(Stored data entries)
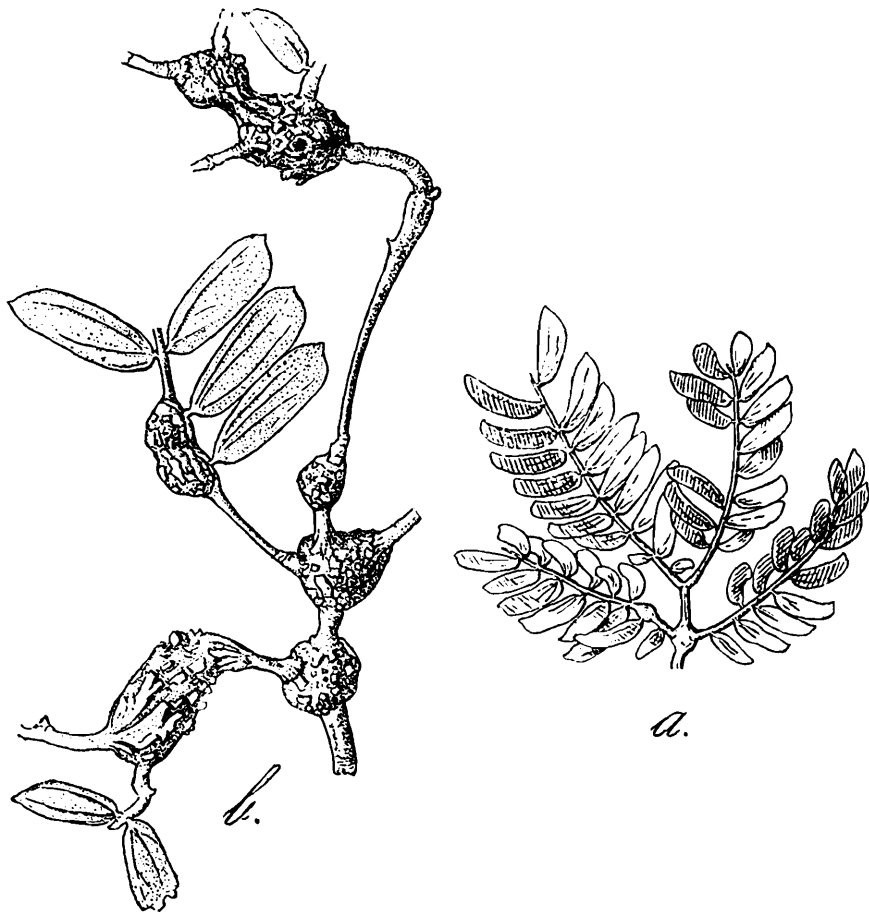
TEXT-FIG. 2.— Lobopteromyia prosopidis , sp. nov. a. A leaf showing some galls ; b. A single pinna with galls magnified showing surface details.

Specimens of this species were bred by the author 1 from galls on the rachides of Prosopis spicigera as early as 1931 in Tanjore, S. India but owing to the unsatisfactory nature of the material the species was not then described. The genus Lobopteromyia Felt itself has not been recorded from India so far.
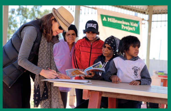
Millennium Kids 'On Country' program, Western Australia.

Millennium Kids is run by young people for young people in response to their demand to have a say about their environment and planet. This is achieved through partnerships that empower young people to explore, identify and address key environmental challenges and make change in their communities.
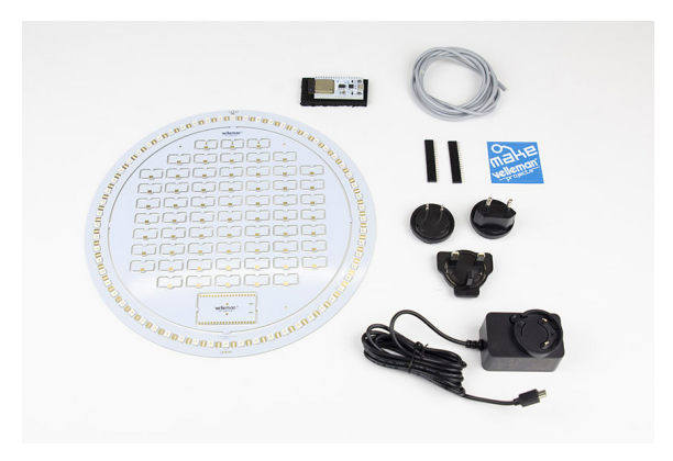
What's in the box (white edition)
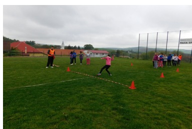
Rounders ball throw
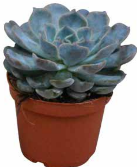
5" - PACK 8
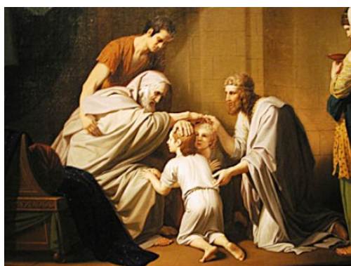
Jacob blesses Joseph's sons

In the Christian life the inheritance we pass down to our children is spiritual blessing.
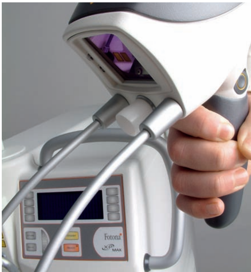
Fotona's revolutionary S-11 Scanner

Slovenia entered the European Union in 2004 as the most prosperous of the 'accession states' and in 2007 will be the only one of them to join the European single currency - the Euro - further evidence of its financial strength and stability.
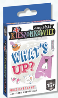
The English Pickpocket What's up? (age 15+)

Your instructions: Output exactly the lines from the one containing "Slovenia entered the" through the last line of the records above, both included, and leave out the pictures.

Solved exercise:
Slovenia entered the European Union in 2004 as the most prosperous of the 'accession states' and in 2007 will be the only one of them to join the European single currency - the Euro - further evidence of its financial strength and stability.
The English Pickpocket What's up? (age 15+)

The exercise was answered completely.